A cozinha do Pará, que carrega sabores únicos com referências ao Brasil antigo e à alimentação indígena, é homenageada em festivais em São Paulo

THIAGO NEY
ENVIADO ESPECIAL A BELÉM

Molhada, a carne desfia apenas com a aproximação do garfo. Está amparada (mais) por um saboroso caldo amarelo e (menos) por uma erva de sabor anestesiante. Se você, como eu, sempre achou que peru é uma ave de carne invariavelmente seca, precisa urgentemente provar o peru no tucupi.
Peru pode ser encontrado em qualquer lugar. Já o tucupi (o caldo amarelo) e o jambu (a erva anestesiante) são menos comuns -esse caldo de origem indígena, derivado da mandioca, é uma das peças de resistência da culinária paraense, que, até que enfim!, está recebendo a devida reverência nas cozinhas do Sudeste.
Principal divulgador de pratos como maniçoba (mal comparando, uma espécie de feijoada feita com com a folha da mandioca-brava moída, cozida e fervida durante sete dias), pato no tucupi, tacacá (caldo que leva tucupi, jambu, goma de tapioca e camarões secos) e filhote (saborosíssimo peixe de rio), o Lá em Casa, restaurante de Paulo Martins, fará uma apresentação da comida de Belém no Porto Rubaiyat, em São Paulo, até o próximo domingo.
Já Ana Luiza Trajano prepara no seu Brasil a Gosto um cardápio especial com ingredientes paraenses. O Tordesilhas e o Amazônia investem em pratos do Pará há algum tempo (veja endereços nesta página).
"É uma cozinha totalmente indígena, de sabor forte, bem acentuado.

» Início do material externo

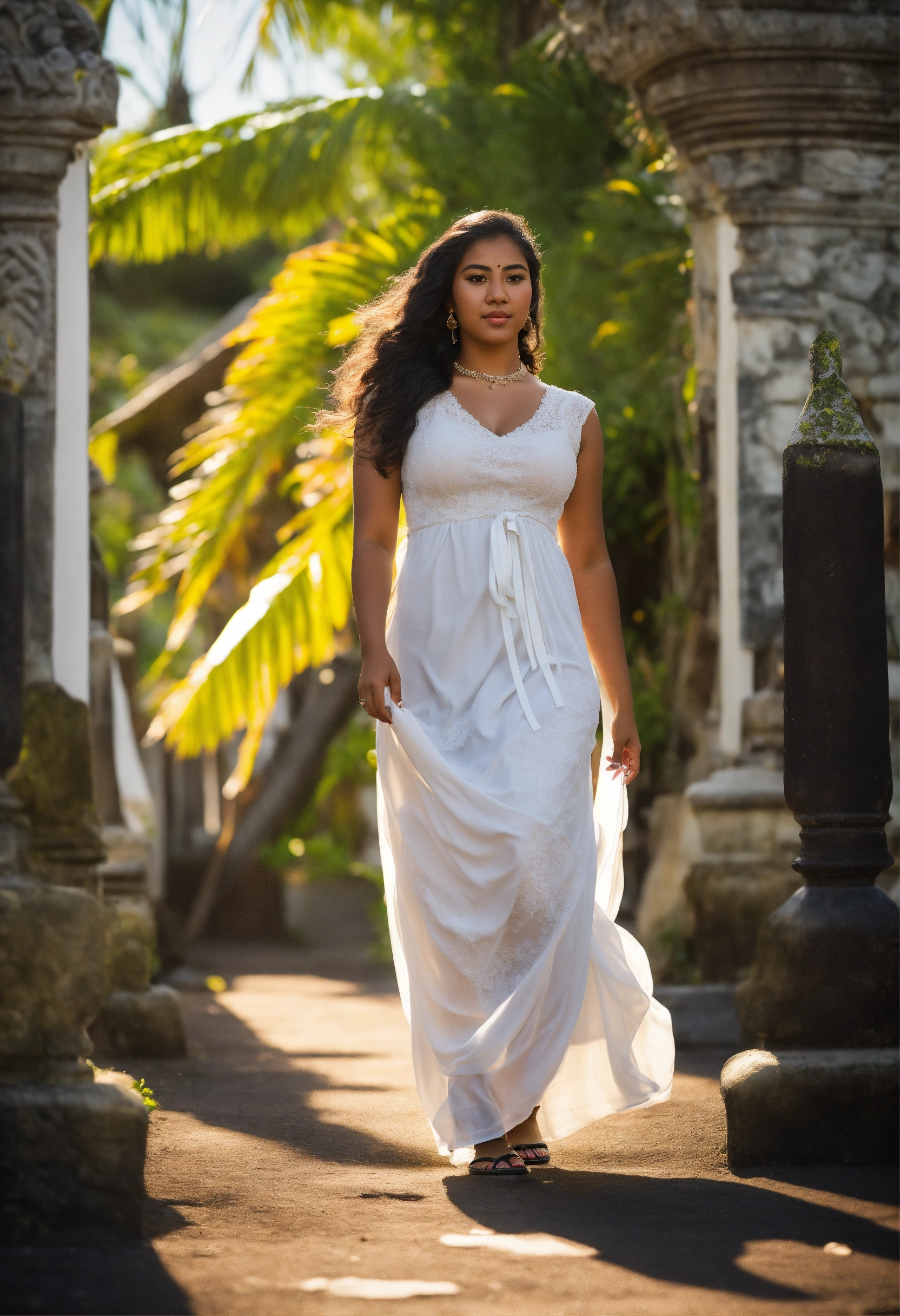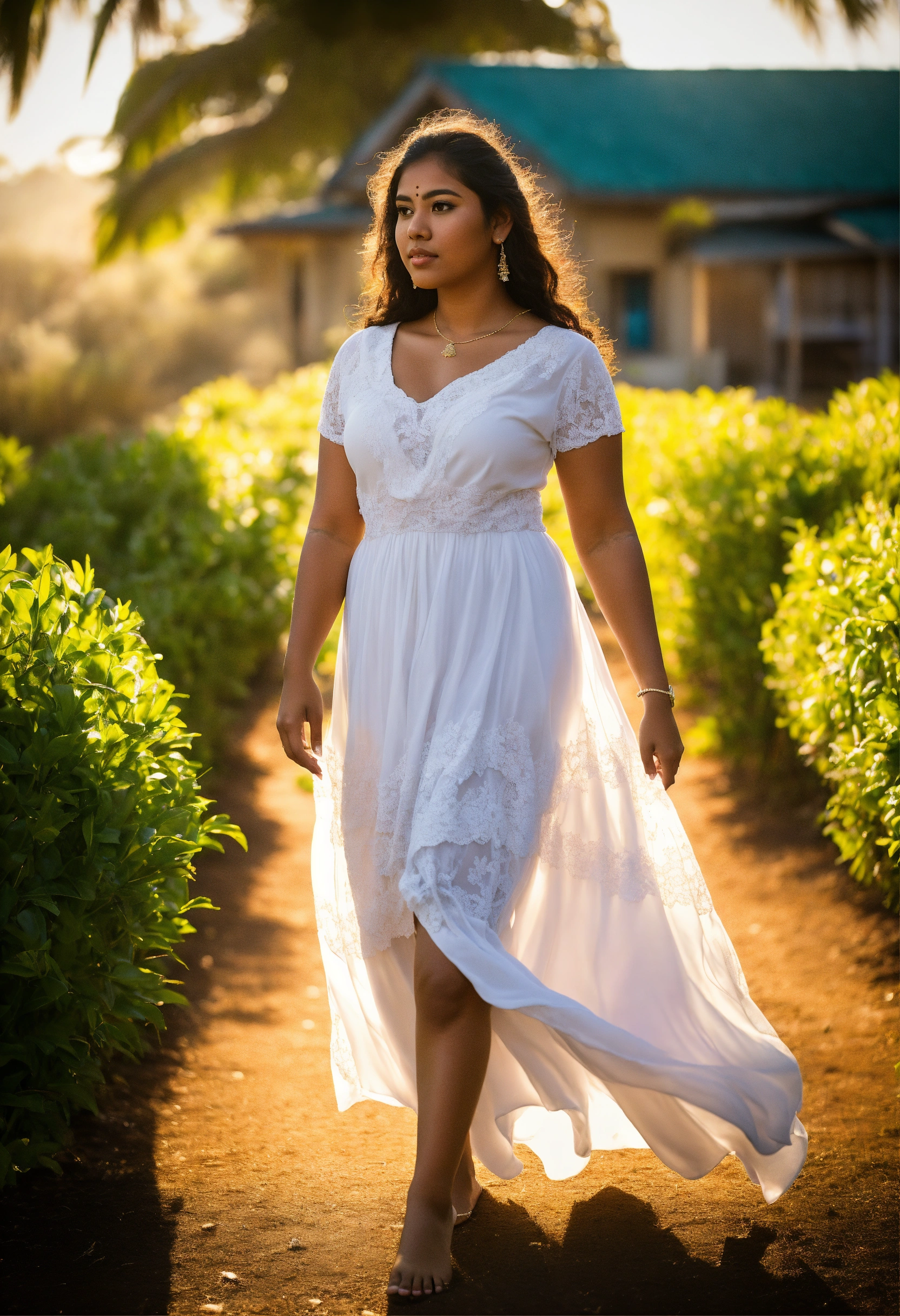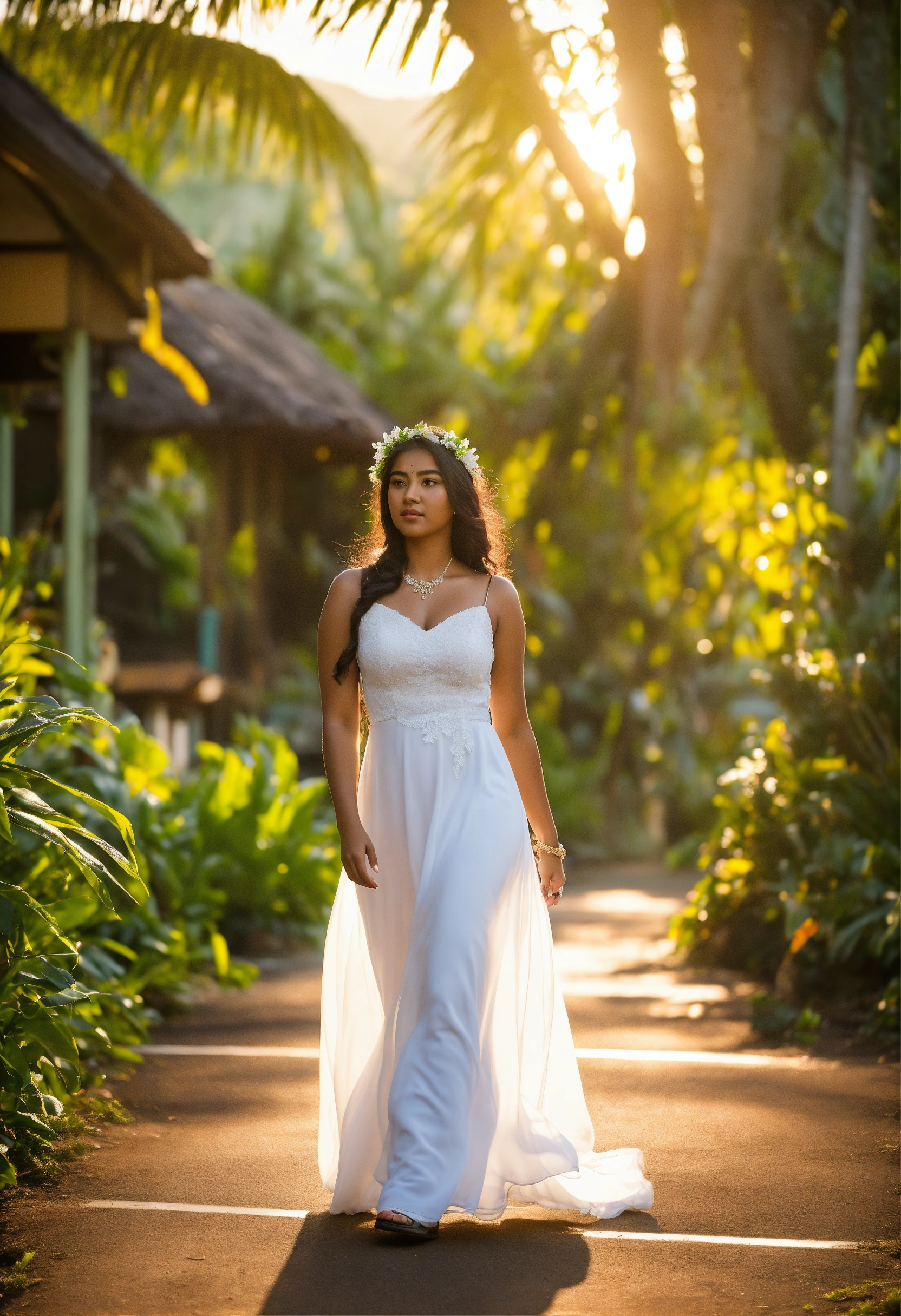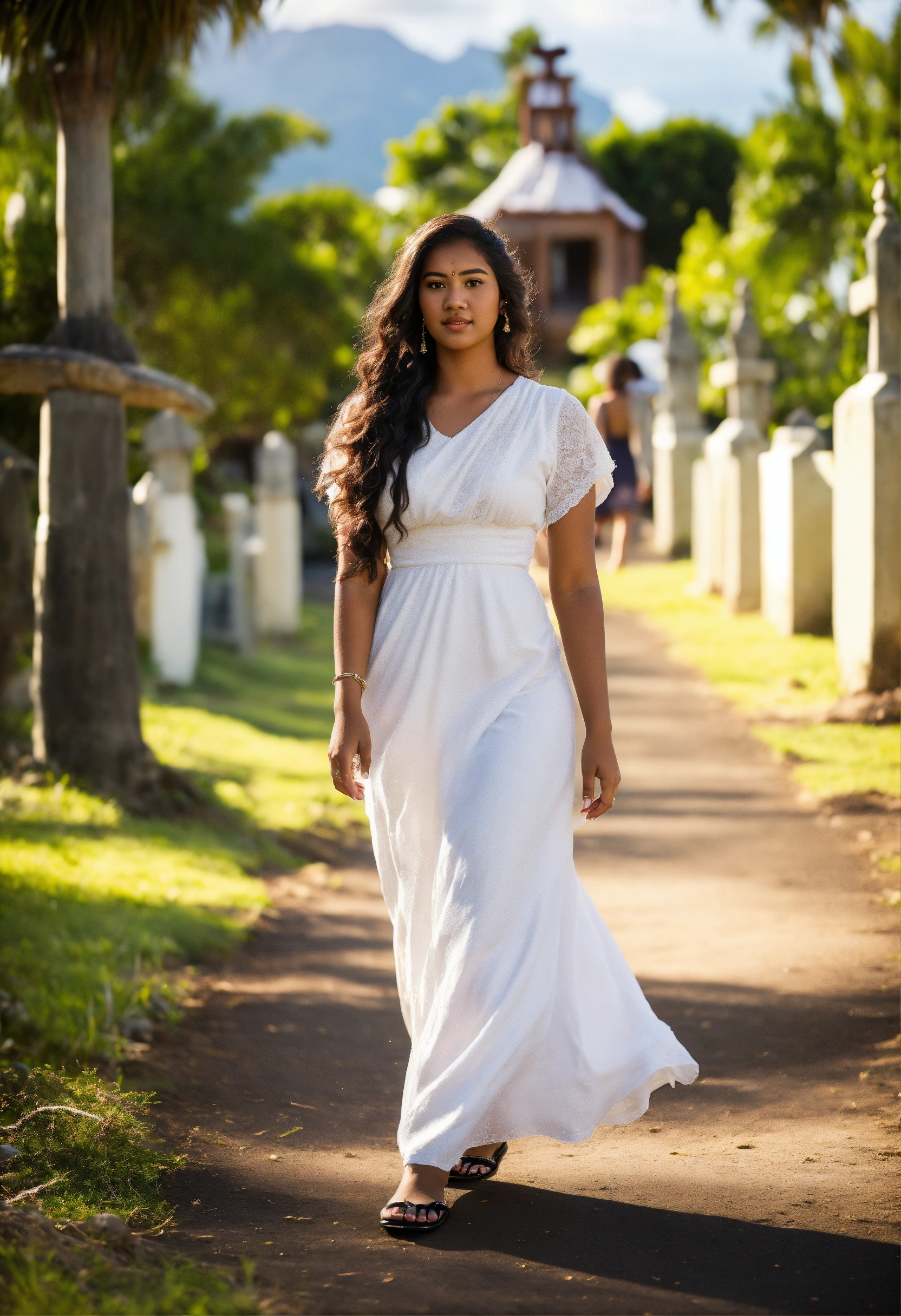 Create realistic, different, full body images of kalaini, a beautiful, young polynesian woman, she is wearing a pretty white dress and walking to church on a beautiful, sunday morning

Ou você gosta ou você não gosta. Não tem meio termo", brinca Tania Martins, que está no comando da cozinha do Lá em Casa (tel. 0/xx/ 91/3242-4222). "Apesar de ser forte, não é uma comida tão pesada, é de fácil digestão. Por exemplo, o paraense come maniçoba no almoço."
Paulo Martins ajudou a divulgar ingredientes como tucupi, chicória (diferente da encontrada no Sudeste) e jambu ao realizar, desde 2000, um festival gastronômico em Belém.
"É a mais particular, a mais genuína cozinha do Brasil", afirma Mara Salles, do Tordesilhas. "Porque foi a que ficou mais preservada, até pela dificuldade de acesso à Amazônia. Isso isola seus habitantes e sua cozinha. É a comida que mais remete ao Brasil antigo."
Além do pato no tucupi, prato típico das áreas indígenas, a região é farta em peixes como o pirarucu (conhecido como "o bacalhau da Amazônia", por ser conservado em sal), o filhote (que pode chegar a mais de 200 kg) e a pescada-amarela.
"Os peixes são grandes, gordos, pois há abundância de alimentos. E as ervas e pimentas possuem um gosto único, que remetem a um ambiente quente e úmido", avalia Mara. "É uma região muito particular, com sabores muito particulares, por causa da floresta."
"As ervas e as especiarias conferem alguns aromas que, ao serem misturados aos peixes e frutas da região, criam pratos com um sabor único, inimitável", pontua Ana Luiza Trajano.

Dificuldade
Se diversas regiões do Brasil já exportam seus alimentos e pratos para o restante do país (Bahia, Ceará, Rio Grande do Sul etc.), a culinária do Pará não foi adotada em outros lugares pela dificuldade em transportar ingredientes como jambu.
"O jambu tem pouca durabilidade", diz Tania Martins, "então nós pré-cozinhamos e congelamos para mandar para chefs de São Paulo. Com a alfavaca, é a mesma coisa".
O jambu já está sendo plantado em algumas regiões do Estado de São Paulo, mas, afirma Mara, "não tem o mesmo brilho" do jambu paraense.
Como resolver o problema? "Dando lucro às companhias aéreas", responde Mara. "Porque o produtor paraense não cobra caro pelas ervas, pelos peixes. Mas em São Paulo temos de embutir nos pratos o custo do transporte. Temos de receber esses produtos via avião", diz ela, que fará, em dezembro, festival com uma cozinheira indígena da Amazônia.